» PROVIDED RECORDS:
━━━━━━━━

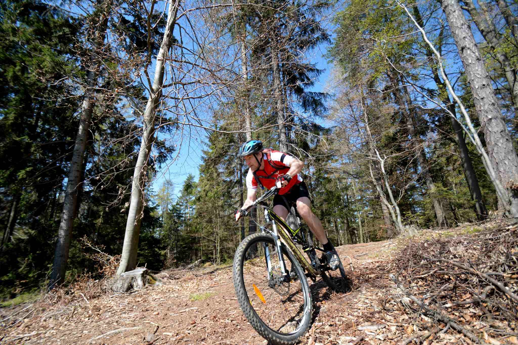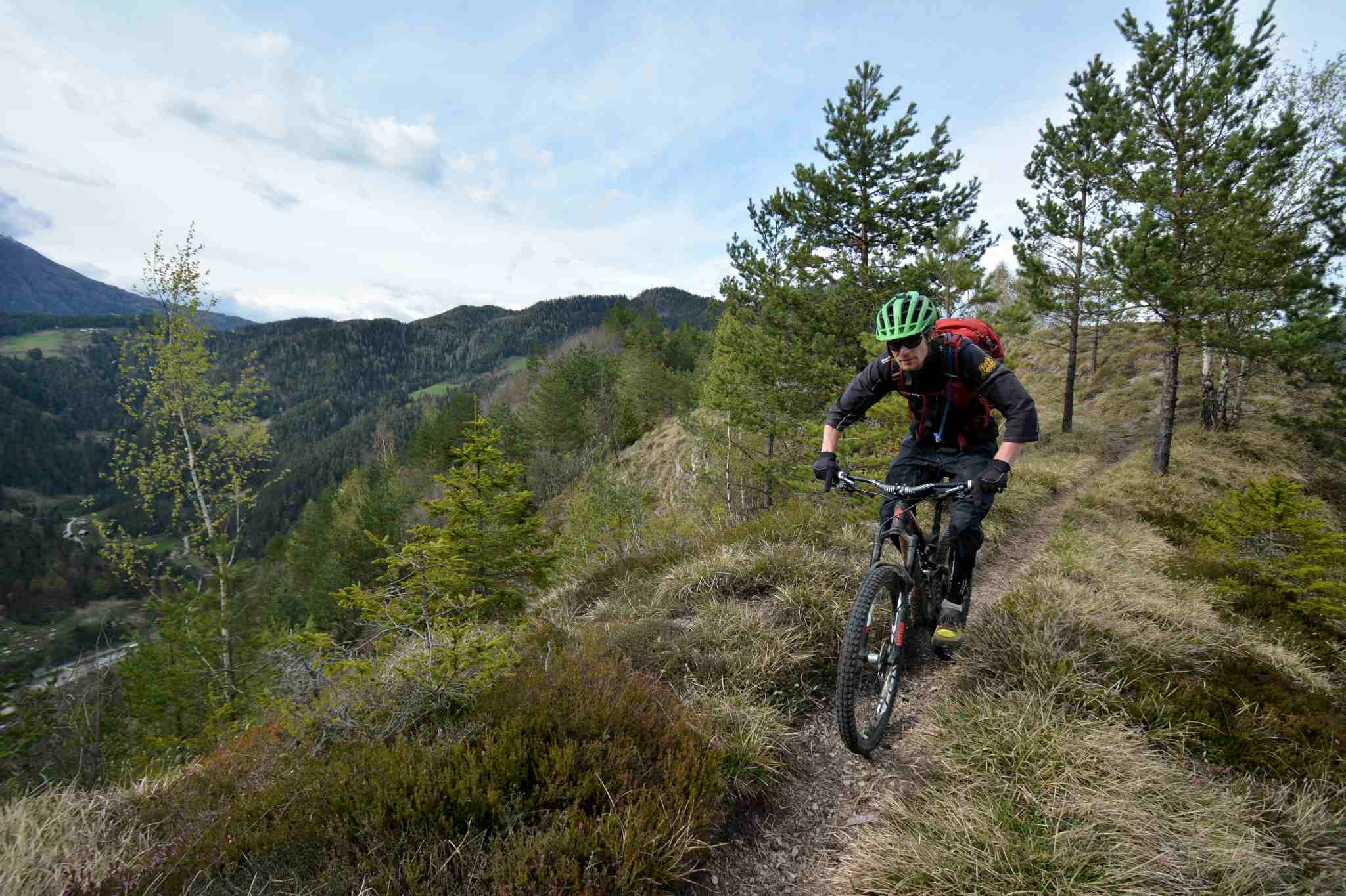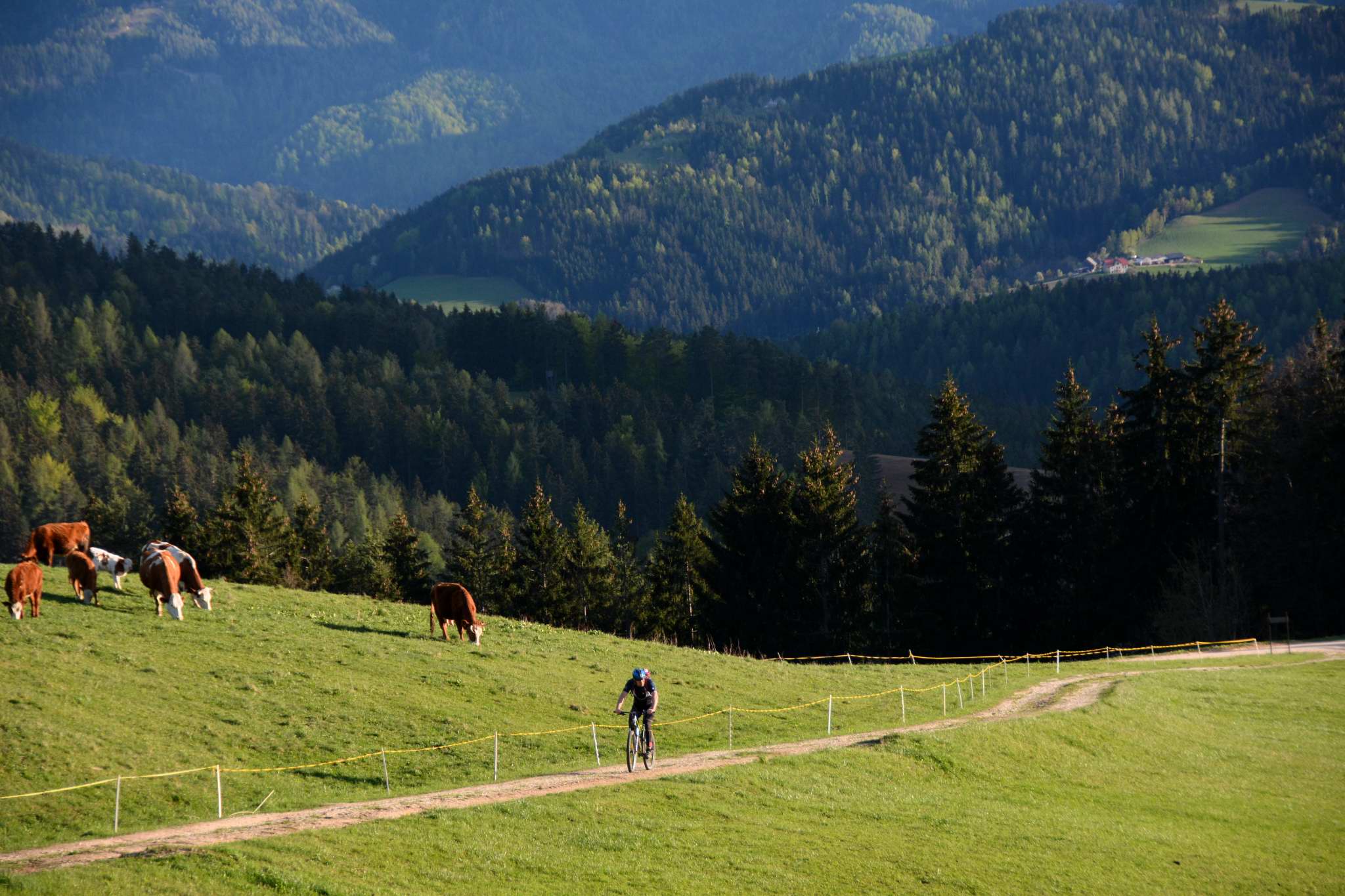 Le lendemain matin nous voilà donc gonflés à bloc, d’autant que le soleil se montre d’emblée généreux. Le but de cette première journée est de découvrir les nombreux singles et les parcours du bike parc entourant la ferme d’Anej. Nous prendrons d’abord de la hauteur en empruntant les « routes » locales, soit des pistes larges et roulantes nous permettant d’atteindre les sommets assez rapidement. L’effort est conséquent, mais la récompense est de taille : tout en haut, la vue est imprenable. A un peu plus de 1000 mètres d’altitude, la beauté de la nature et le silence profond régnant sur ses hauteurs donnerait presqu’envie de faire la sieste. Mais nous devrons repartir sans tarder.
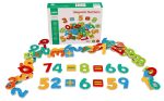 Komplet zawiera 60 sztuk drewnianych magnetycznych cyferek:
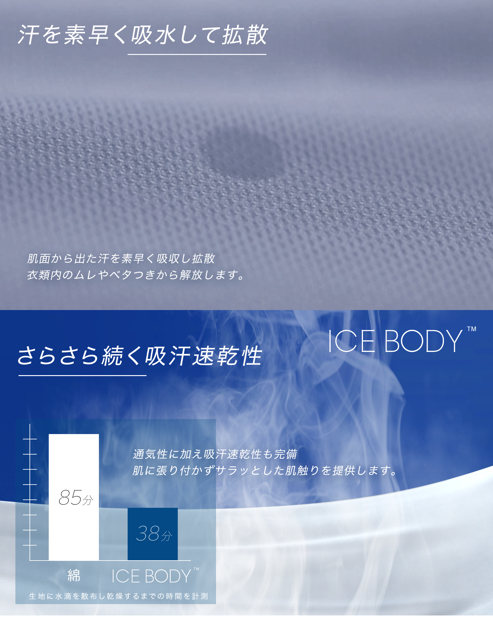 超強冷感インナーICEBODYは、汗をかいても速やかに水分を吸収し乾燥させる吸水速乾機能をも兼ね備えた男の味方。
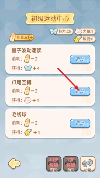 4、随着时间的推移,我们会解锁各式各样的玩法,就像在这里可以通过运动来提升力量一样。
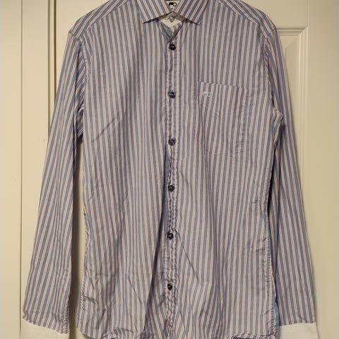 Kul skjorte med bitte små ruter i blått. Fine detaljer med stoffknapp i halsen og rosa på knappehullet på mansjetten
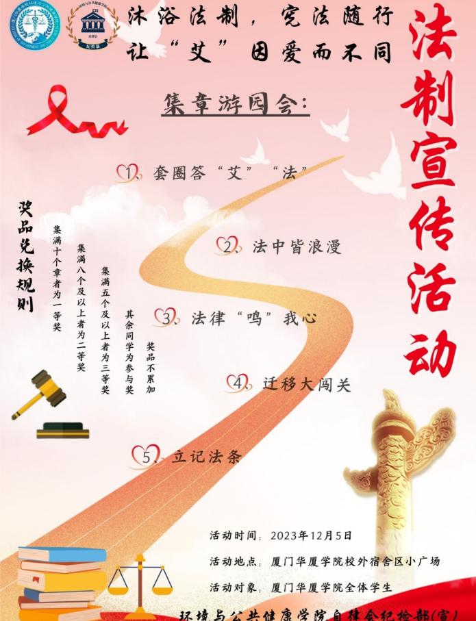 每年12月1日和12月4日是世界艾滋病日和“国家宪法日”,今年是第36个“世界艾滋病日”和我国第十个“国家宪法日”,为贯彻落实党的二十大精神,结合“凝聚社会力量,合力共抗艾滋”以及“大力弘扬宪法精神,建设社会主义法制文化”的主题,bevictor伟德自律会纪检部特举办法制宣传暨防艾科普集章游园会。
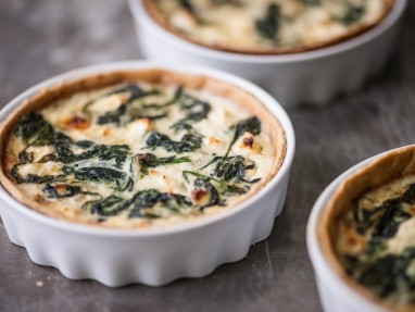 Crack the eggs into a bowl and pour in the Carnation® Evaporated Milk then whisk together. Crumble the feta into the liquid mixture and add the spinach and onions. Mix well and pour into the pastry.
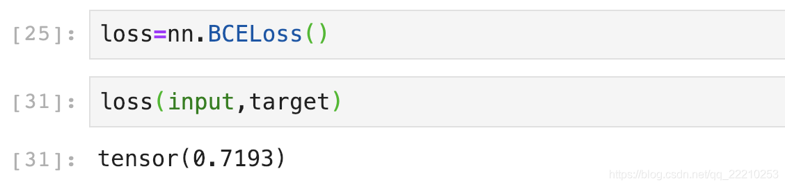 BCEWithLogitsLoss就是把Sigmoid-BCELoss合成一步。我们直接用刚刚的input验证一下是不是0.7193:
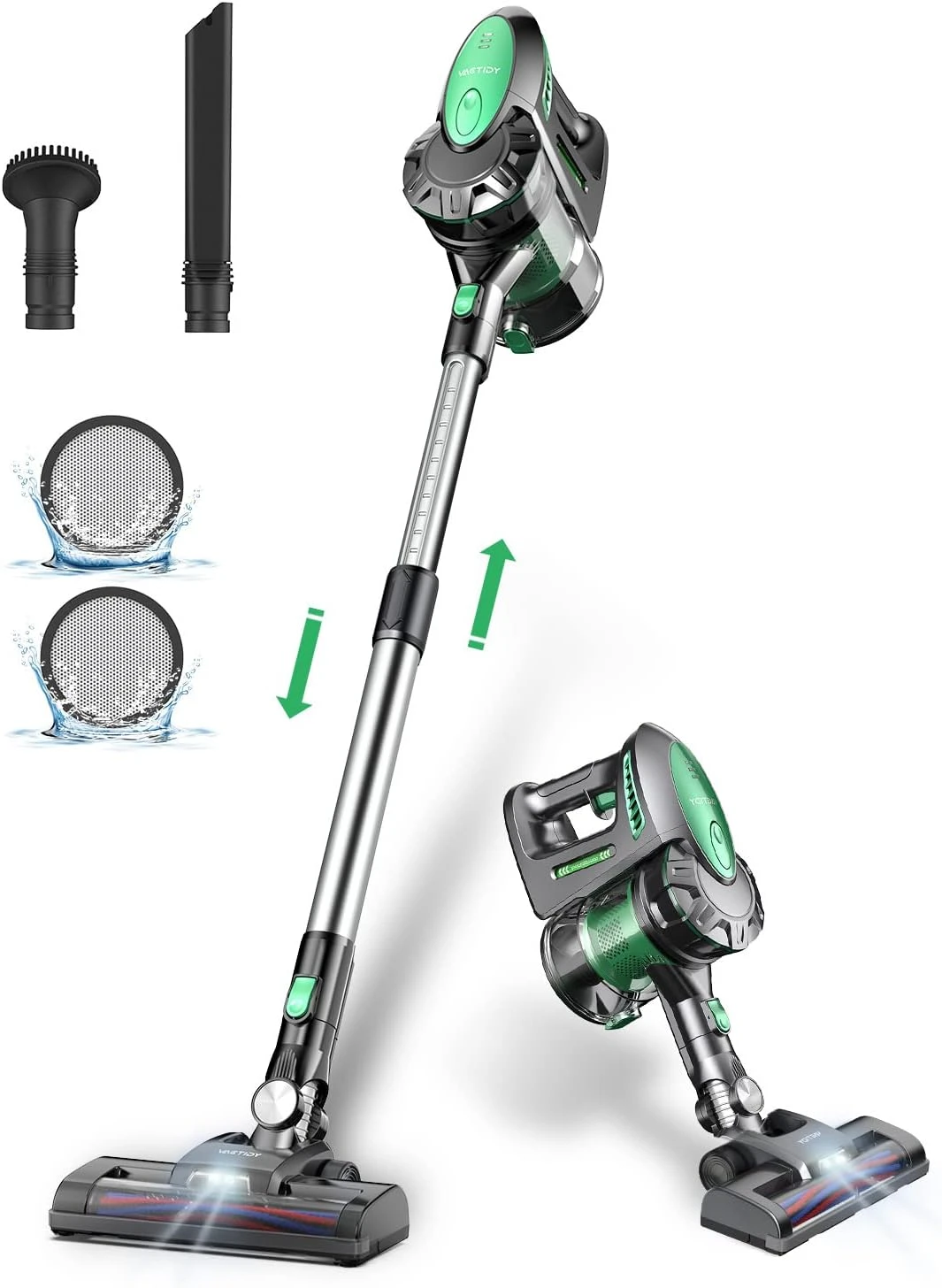 | Special Feature | 🌀6-in-1 Stick & Handheld Vacuum 🌀High-efficient Filtration System 🌀Washable HEPA and Strainer 🌀Lightweight and Compact Body 🌀Suitable for Hard Floor & Low Pile Carpet, 🌀20000Pa Strong Suction Power, 🌀2200mAh Detachable Battery, 🌀45min Long-lasting Running Time, 🌀Flexible head with LED headlight |
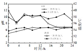 當厭氧發酵罐正式運行后,厭氧罐內厭氧細菌占有絕對優勢地位,且新陳代謝旺盛、活力優良,同時對待消化物(米酒糟水)具有良好的適應性。但酒糟水是經過釀酒車間蒸餾后排出的,酒糟水的溫度較高,待準備進厭氧發酵罐處理時,酒糟水的溫度約在60 ℃,同時酒糟水pH 較低,約為3.5,一次性加入90 m3酒糟水對厭氧罐內的環境勢必影響較大。90 m3酒糟水24 小時內一次性加入與均分3 次加入對厭氧罐內pH、溫度影響對比如圖4 所示。
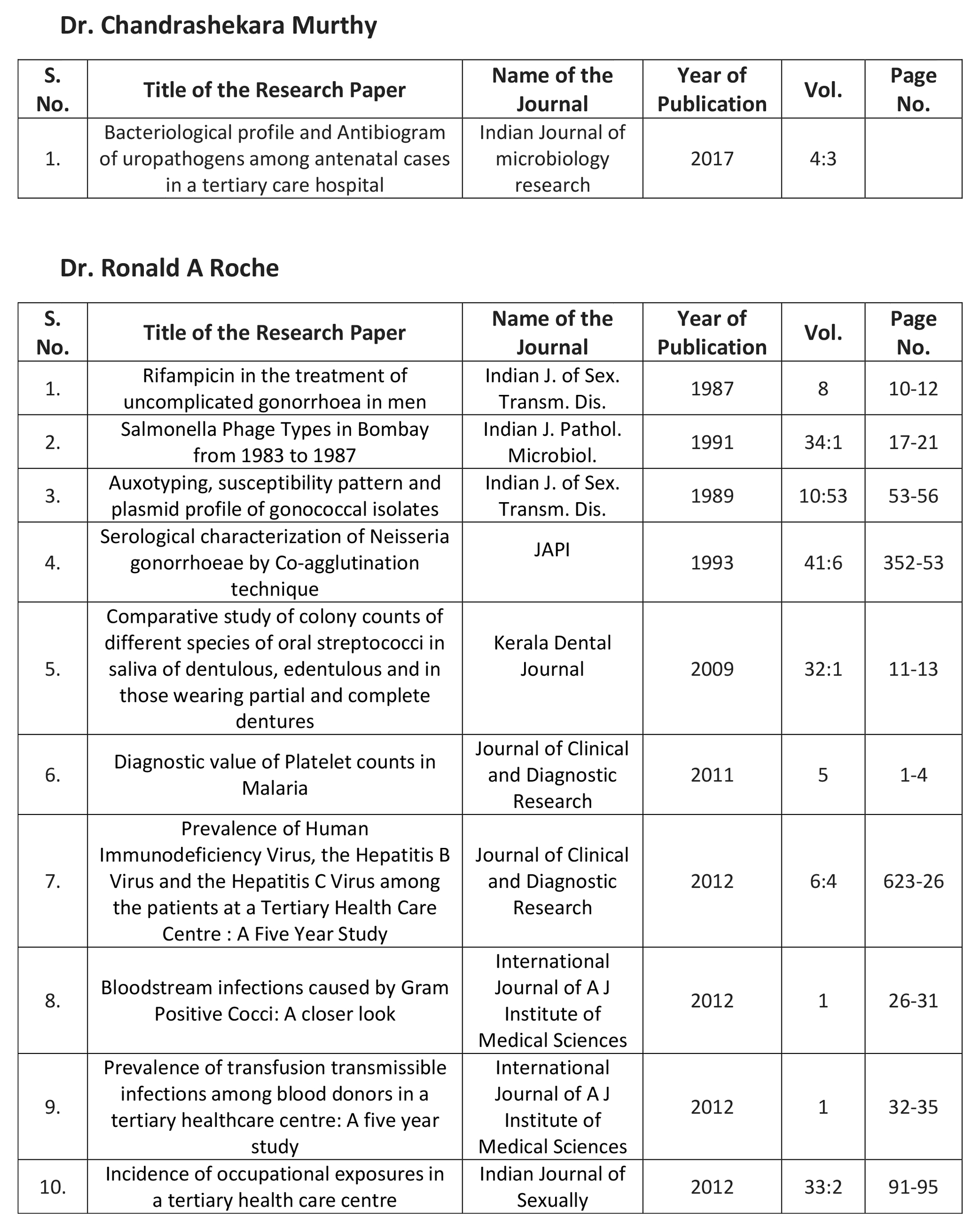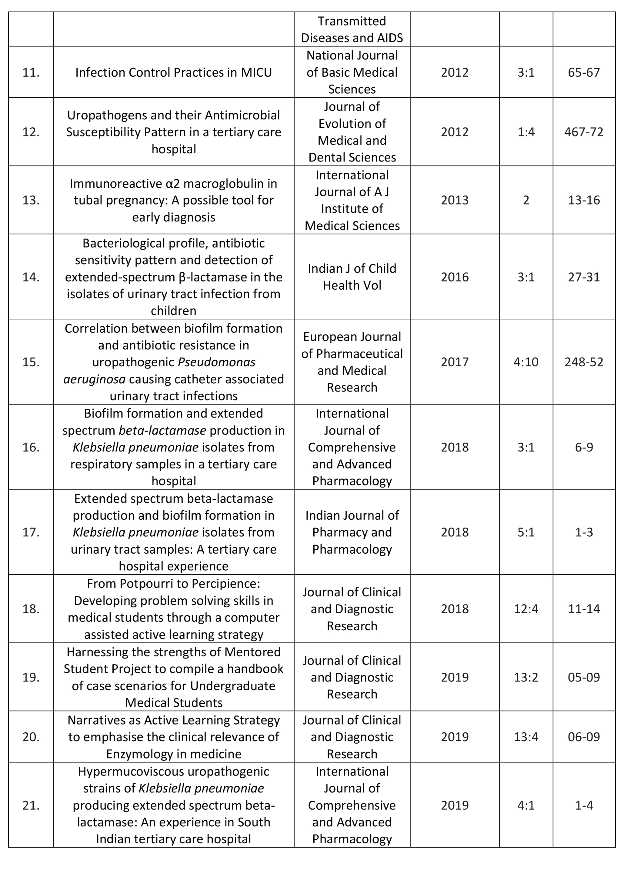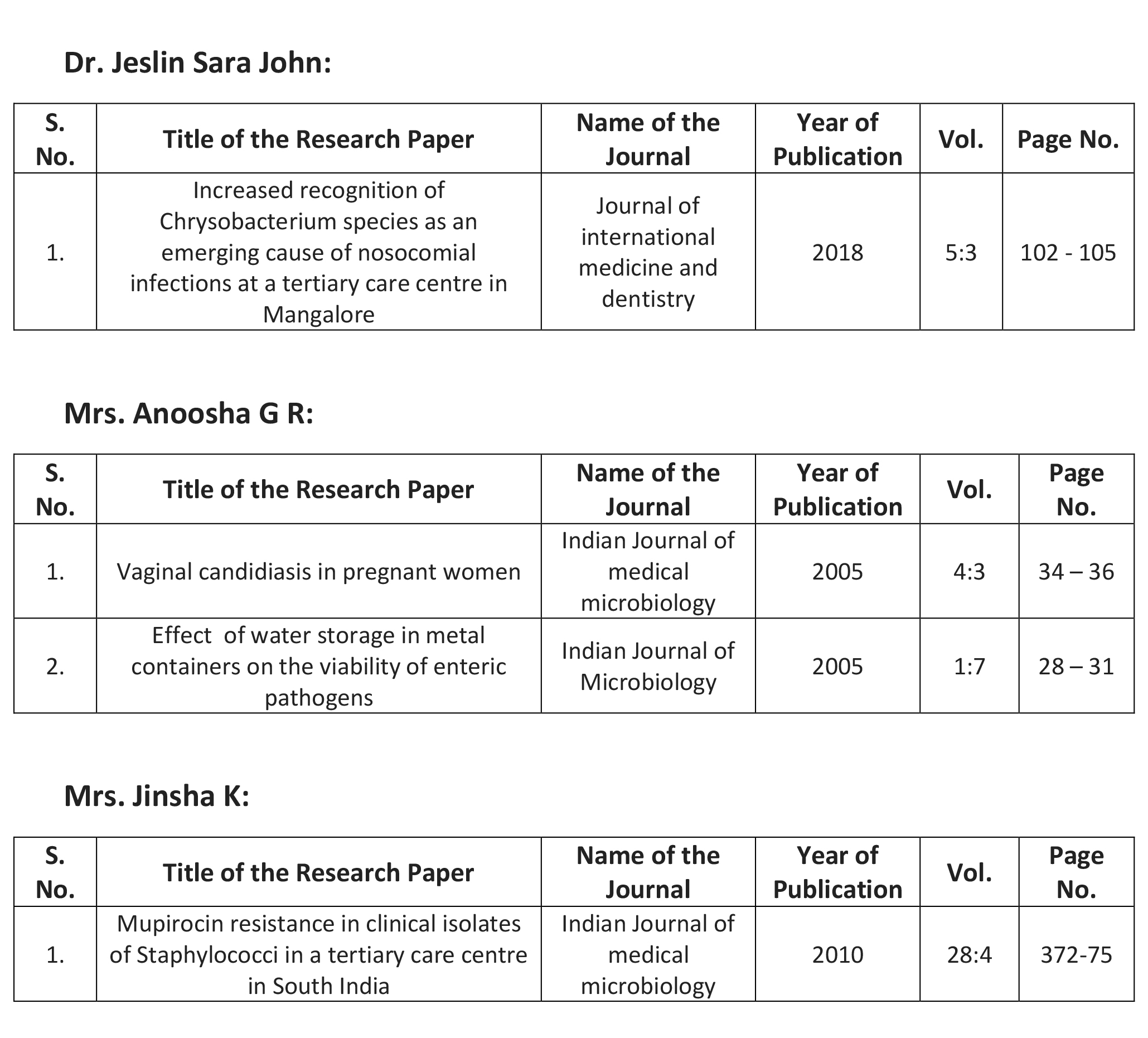 The publications in national and international peer reviewed journals by the faculty of microbiology include the following.

━━━━━━━━

» ACTIVITY: The answer should consist only of the lines from the one with "Crack the eggs" through the last line of the material above, copied exactly, with no pictures.

» SOLVED PROBLEM:
 Crack the eggs into a bowl and pour in the Carnation® Evaporated Milk then whisk together. Crumble the feta into the liquid mixture and add the spinach and onions. Mix well and pour into the pastry.
 BCEWithLogitsLoss就是把Sigmoid-BCELoss合成一步。我们直接用刚刚的input验证一下是不是0.7193:
 | Special Feature | 🌀6-in-1 Stick & Handheld Vacuum 🌀High-efficient Filtration System 🌀Washable HEPA and Strainer 🌀Lightweight and Compact Body 🌀Suitable for Hard Floor & Low Pile Carpet, 🌀20000Pa Strong Suction Power, 🌀2200mAh Detachable Battery, 🌀45min Long-lasting Running Time, 🌀Flexible head with LED headlight |
 當厭氧發酵罐正式運行后,厭氧罐內厭氧細菌占有絕對優勢地位,且新陳代謝旺盛、活力優良,同時對待消化物(米酒糟水)具有良好的適應性。但酒糟水是經過釀酒車間蒸餾后排出的,酒糟水的溫度較高,待準備進厭氧發酵罐處理時,酒糟水的溫度約在60 ℃,同時酒糟水pH 較低,約為3.5,一次性加入90 m3酒糟水對厭氧罐內的環境勢必影響較大。90 m3酒糟水24 小時內一次性加入與均分3 次加入對厭氧罐內pH、溫度影響對比如圖4 所示。
 The publications in national and international peer reviewed journals by the faculty of microbiology include the following.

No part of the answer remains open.